**ASSIGNMENT**. Each line of the material below is to be written out exactly. Leave out any picture.

**DATA SEGMENT**.
§

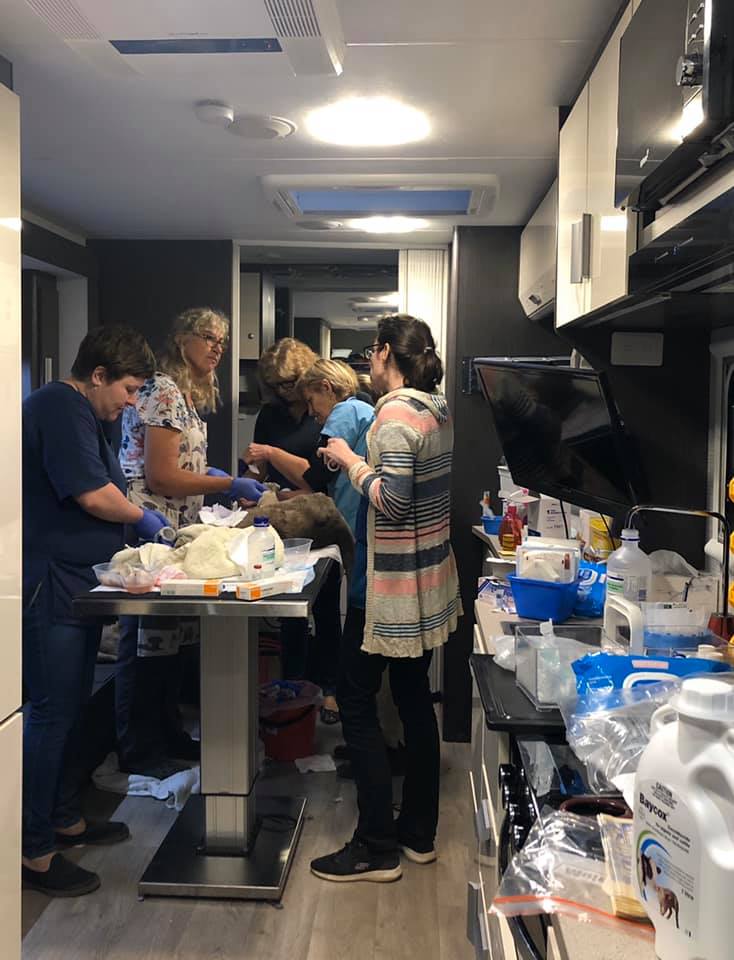 This will be ongoing. For a long time yet. - Melinda Whiteside Ross, January 12th, 2020Inside the van, outside the van, out in the fire grounds and in the enclosures - our volunteer veterinarians have been working extremely hard for the fire-affected wildlife.
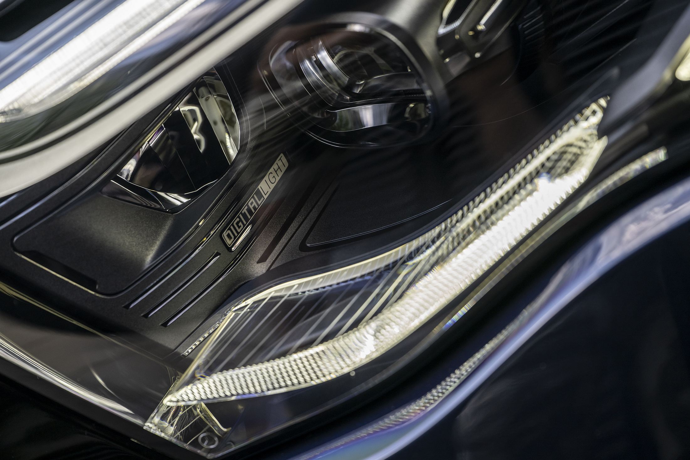 O novo Classe E está equipado de série com faróis LED de alta performance, podendo receber tecnologia Digital Light em opção, com ou sem função de projeção, para maiores funcionalidades à noite. Como característica comum, as luzes diurnas revelam a forma de uma sobrancelha.
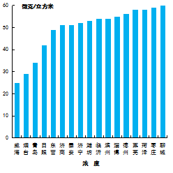 可吸入顆粒物濃度最好的是威海市,為50μg/m3,最差的是聊城市,為120μg/m3。17市均同比下降,下降幅度最大的是濟南市,為13.7%。

§

**SOLUTION FOR THIS EXERCISE**.
 This will be ongoing. For a long time yet. - Melinda Whiteside Ross, January 12th, 2020Inside the van, outside the van, out in the fire grounds and in the enclosures - our volunteer veterinarians have been working extremely hard for the fire-affected wildlife.
 O novo Classe E está equipado de série com faróis LED de alta performance, podendo receber tecnologia Digital Light em opção, com ou sem função de projeção, para maiores funcionalidades à noite. Como característica comum, as luzes diurnas revelam a forma de uma sobrancelha.
 可吸入顆粒物濃度最好的是威海市,為50μg/m3,最差的是聊城市,為120μg/m3。17市均同比下降,下降幅度最大的是濟南市,為13.7%。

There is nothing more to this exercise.